Les croyances politiciennes à ce sujet sont tout aussi lamentables.
En fabriquer par électrolyse suppose que l’on dispose de courant électrique décarboné, ce qui n’est pas demain la veille alors que transport et chauffage doivent s’électrifier et que, la plupart du temps, les renouvelables ne produisent rien ou bien trop peu. Par ailleurs, les rendements énergétiques de l’électrolyse sont faibles.
La thermolyse de l’eau à haute température est une autre piste pour laquelle des réacteurs nucléaires seraient adéquats (thermiques seulement, pas électriques). C’est un procédé qui reste à développer à grande échelle.

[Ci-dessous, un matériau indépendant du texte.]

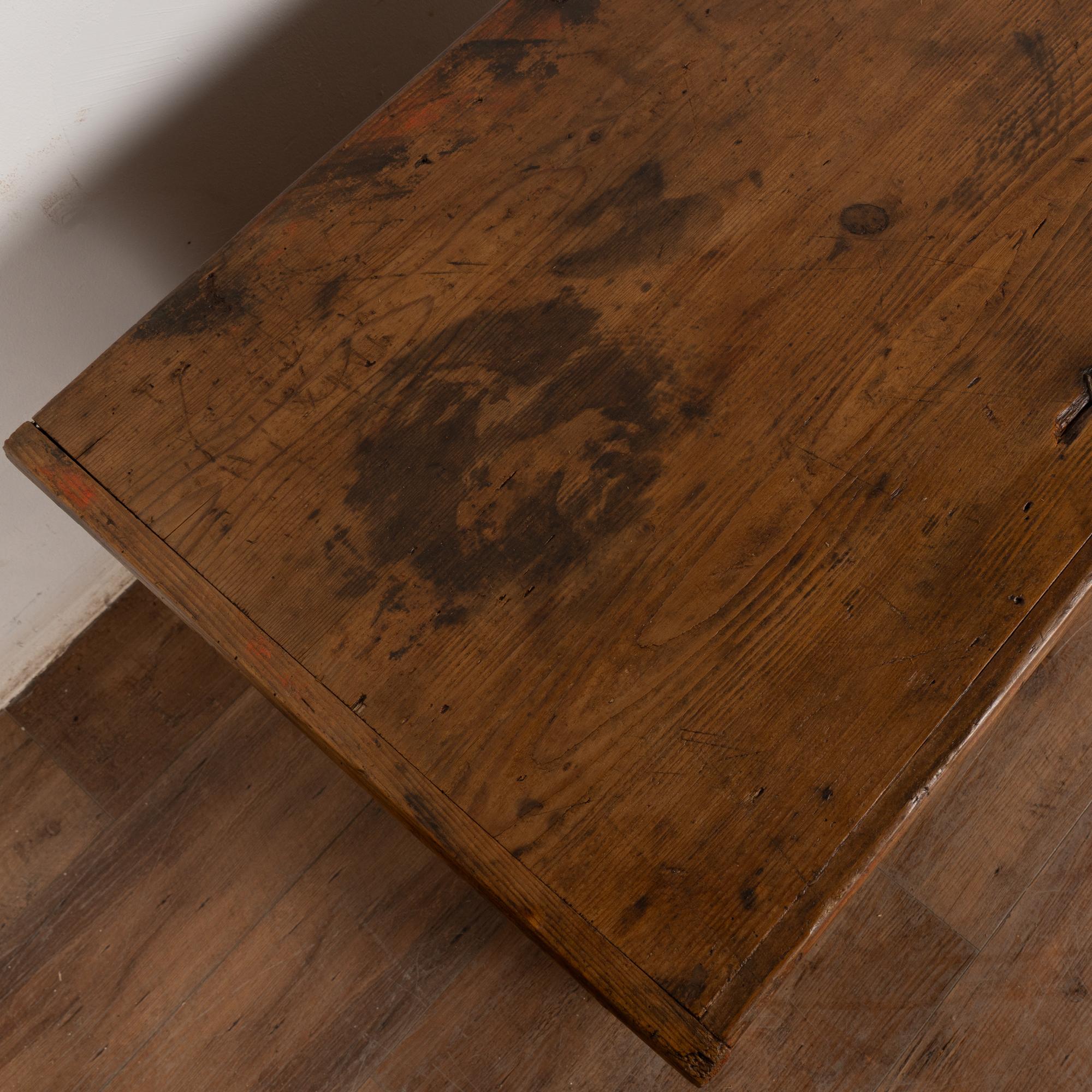 Deep patina, cracks, gouges, stains, nicks and old dried wormholes reveal generations of use. Age related separation seen in interior bottom.

L’intérêt de l’hydrogène est dans ce que l’on en fait. C’est de la chimie qui reste donc à développer afin d’obtenir des carburants liquides de haute densité énergétique, si nécessaires pour les automobiles et les avions, ainsi que d’autres molécules que la pétrochimie ne produira plus. Les possibilités sont vastes et des procédés existent déjà mais il faut les révolutionner (catalyse ?) afin de les rendre efficaces et suffisamment bon marché.
Avant que l’on en arrive là, une « banque à hydrogène » ne pourra émettre que des chèques sans provision.